Tools: GitHub API, any LLM API, Python (Flask or FastAPI for the webhook handler).
20.7 Voice Cloning
Clone a voice from a few minutes of audio, then generate speech in that voice from arbitrary text.
What you will learn: Speaker embeddings, mel spectrograms, vocoders, few-shot voice cloning, and the ethical implications of synthetic voice technology.
How to build it:
- Record 3 to 5 minutes of clear speech (or use a public audio sample).
- Use a voice cloning model (OpenVoice, Coqui TTS, or Bark) to clone the voice.
- Generate speech from new text in the cloned voice.
- Compare the clone quality across different models and amounts of training audio.
Voice cloning technology raises serious ethical questions. Never clone someone's voice without their explicit consent. Be aware that this technology can be (and has been) used for fraud, deepfakes, and impersonation. Many jurisdictions are developing laws around synthetic media. Use this project to understand the technology and its implications, not to deceive.
Tools: Coqui TTS, Bark, OpenVoice.
20.8 AI Art Style Transfer
Apply the artistic style of one image to the content of another. Turn your vacation photos into Van Gogh paintings, or apply the aesthetic of a Studio Ghibli film to your selfies.
What you will learn: Feature extraction with CNNs, Gram matrices, perceptual loss, and the difference between content and style representations.
How to build it:
- Implement classical neural style transfer using a pre-trained VGG network and PyTorch.
- Try modern approaches: style LoRAs with Stable Diffusion, or IP-Adapter for style conditioning.

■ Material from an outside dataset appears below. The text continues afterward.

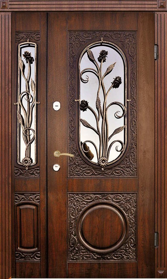 Поскольку в большинстве случаев устанавливаемые на входе в коттедж двустворчатые двери являются еще и предметом интерьера, украшающим здание, их дизайну предается особое значение. Эти двери, как правило, отделываются атмосферостойким МДФ, натуральным шпоном, массивом. Эффектно на таких дверях смотрится витражный узор, применение ковки, зеркальных элементов. Вариантов декора входной двустворчатой двери масса, тут все зависит от пожеланий заказчика.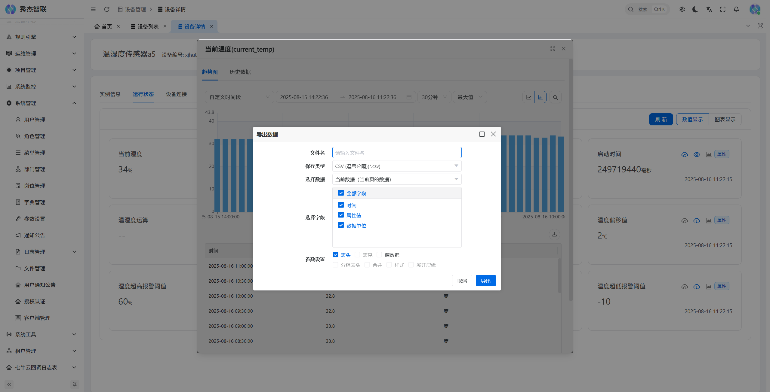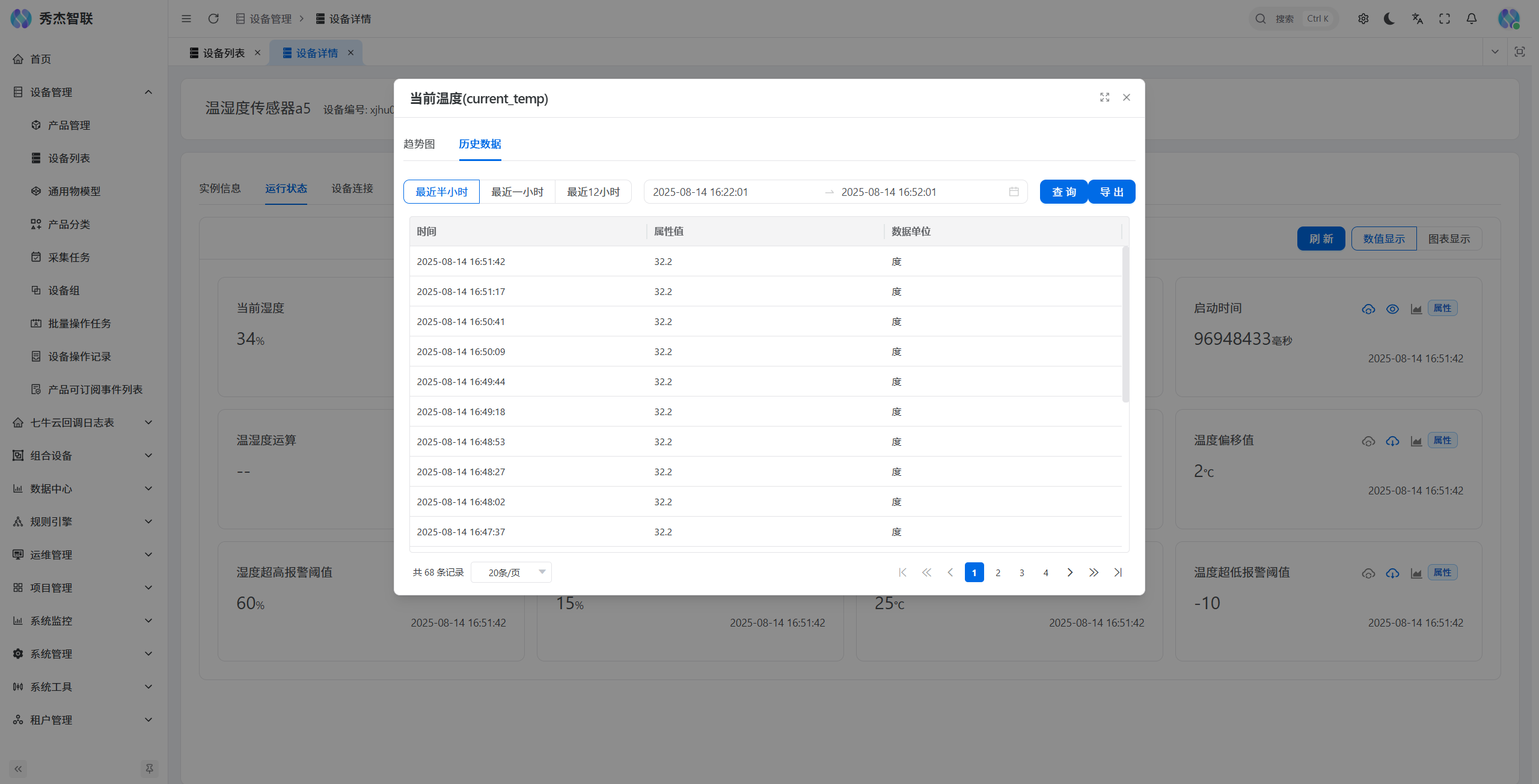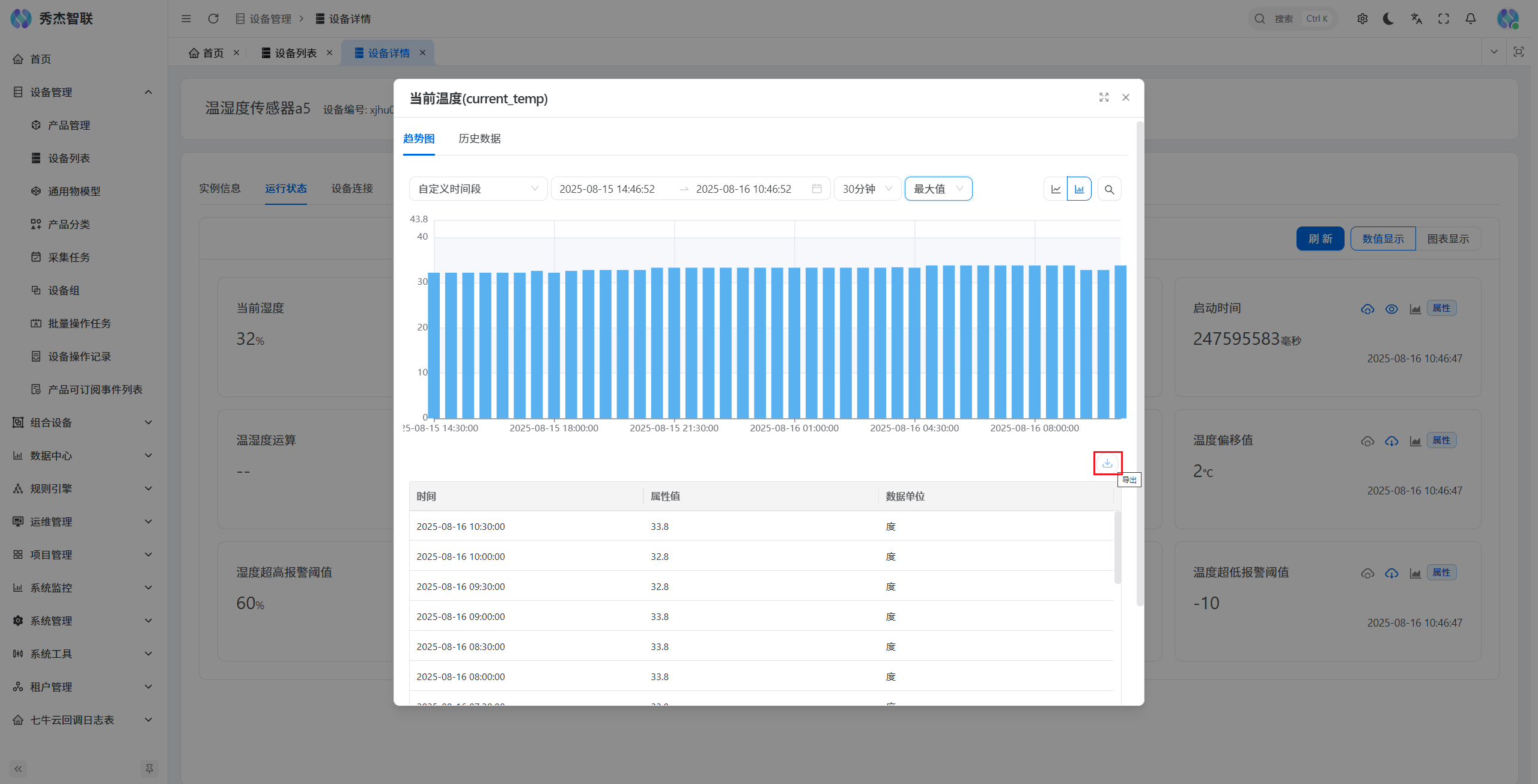 点击之后会展示属性的历史数据,平台支持不同的时间段,您可以查看想要的时间段的属性数据。同时,您还可以导出所选的历史数据到 Excel 中,用来更好的分析或记录设备,只需要点击右上角 导出 按钮

- Compare the results: classical style transfer produces painterly effects, while diffusion-based approaches can create more creative interpretations.
Tools: PyTorch, diffusers, pre-trained VGG-19.
20.9 Exercises
- Build the text adventure game and play through at least 50 turns. Document three failure modes (where the AI breaks character, contradicts itself, or loses track of the world state) and implement fixes for each.

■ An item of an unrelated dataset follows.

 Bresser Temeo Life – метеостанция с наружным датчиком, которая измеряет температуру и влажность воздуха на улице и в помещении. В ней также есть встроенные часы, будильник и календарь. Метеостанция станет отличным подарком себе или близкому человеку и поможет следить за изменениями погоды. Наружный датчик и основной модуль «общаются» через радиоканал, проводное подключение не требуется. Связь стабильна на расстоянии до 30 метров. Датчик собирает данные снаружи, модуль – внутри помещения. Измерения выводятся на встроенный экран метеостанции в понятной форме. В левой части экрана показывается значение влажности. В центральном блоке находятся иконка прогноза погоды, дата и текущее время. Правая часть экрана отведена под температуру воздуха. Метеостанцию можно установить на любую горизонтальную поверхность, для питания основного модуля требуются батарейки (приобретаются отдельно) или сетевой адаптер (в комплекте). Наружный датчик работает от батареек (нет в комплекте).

- Create a RAG chatbot over your course notes or a textbook. Ask it 20 factual questions and score each answer as correct, partially correct, or incorrect. What is the accuracy? Identify the most common failure mode and try to fix it.
- Train a character-level GPT on a corpus of your choice (song lyrics, fan fiction, legal documents, cooking recipes). Generate samples at checkpoints and create a “gallery” showing how output quality evolves during training.

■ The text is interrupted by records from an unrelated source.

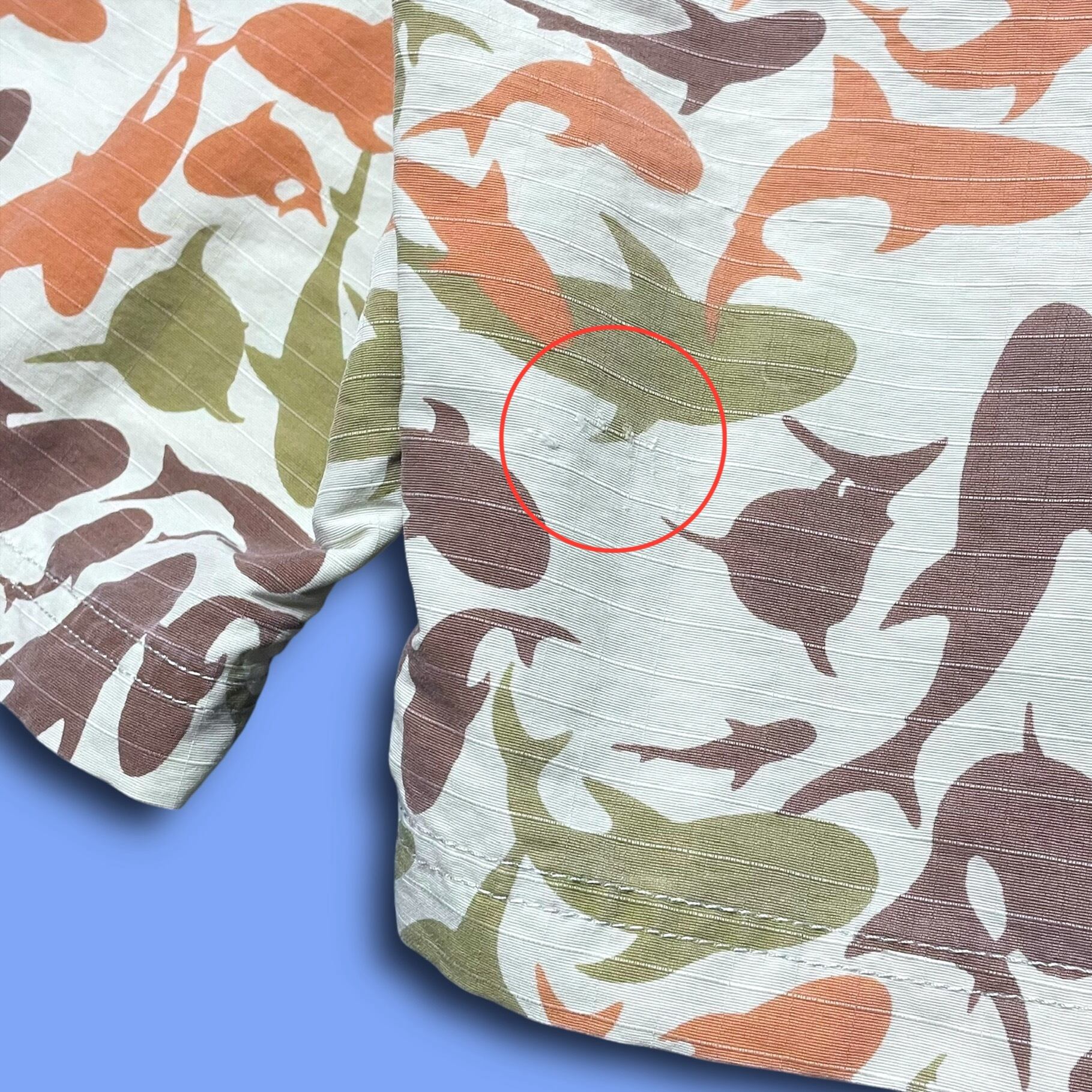・右サイドに1箇所リペア(裏面からテープを貼り付けてある)があります。(写真11.12枚目)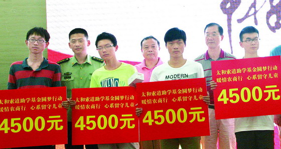 在活動(dòng)現(xiàn)場,考上北京大學(xué)的十堰市理科狀元王珺等10名大學(xué)生分別領(lǐng)到愛心助學(xué)基金4500元及愛心手機(jī)一部,10名留守兒童也分別領(lǐng)到2000元愛心基金?吹綄W(xué)費(fèi)終于有了著落,在場的家長和孩子們都露出了笑容。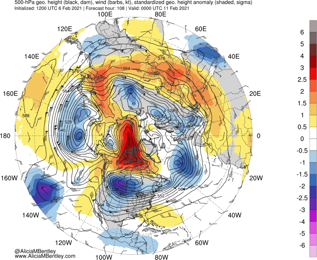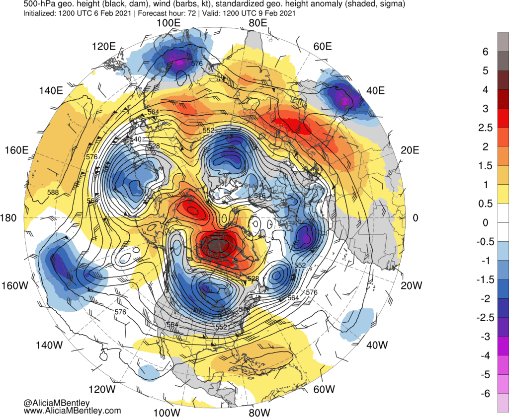 The two blocking orange/red high pressure features I noted above are both expected to remain present–in fact they should begin to merge into a single, large blocking feature. By Wednesday evening, the transformation should be complete.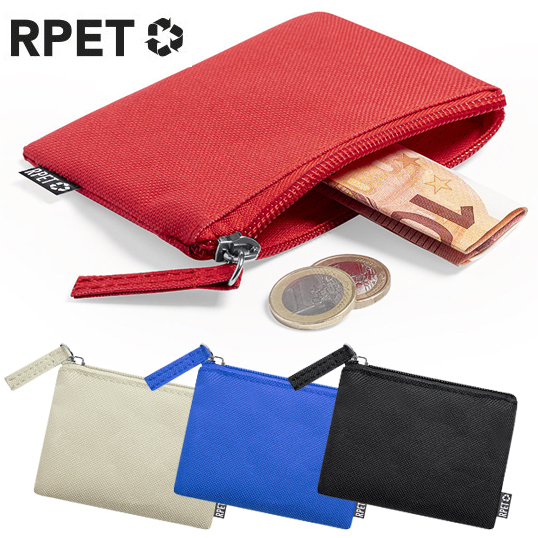 Monedero de línea nature en resistente 600D RPET, elaborado a partir de plástico reciclado para así fomentar la reutilización de residuos plásticos y contribuir a la sostenibilidad del planeta. Con cierre de cremallera y tirador a juego. Disponible en variada gama de colores, con distintivo RPET en etiqueta exterior.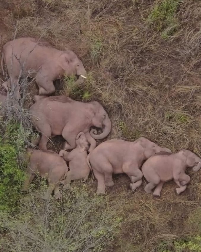 Семья слонов спит рядом друг с дружкой, снято дроном.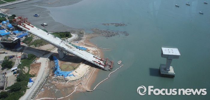 (영광=포커스뉴스) 8일 오전 전남 영광군 염산면과 무안군 해제면을 잇는 칠산대교 건설현장에서 상판 구조물이 무너져 노동자 6명이 부상을 입는 사고가 발생, 칠산대교는 가운데 교각을 중심으로 상판이 한쪽으로 기울듯 무너져 내려 있다.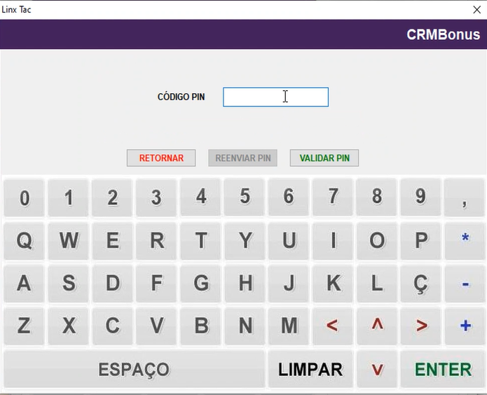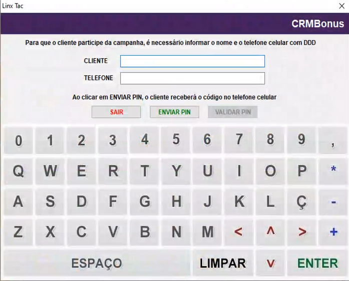 Ao clicar no botão “F8 - CRMBonus”, uma nova tela será exibida, solicitando o preenchimento dos dados do cliente (cliente e telefone). Após preencher as informações, clique no botão envio do ENVIAR PIN.

- Generate 20 images with Stable Diffusion using the same base prompt but different random seeds. How much variation do you see? Now try the same prompt with different guidance scale values (2, 5, 7.5, 15, 30). How does guidance scale affect quality and diversity?
- Combine two projects: build a text adventure game that generates images of each scene using Stable Diffusion. The game describes a forest clearing, and you see a generated image of a forest clearing alongside the text.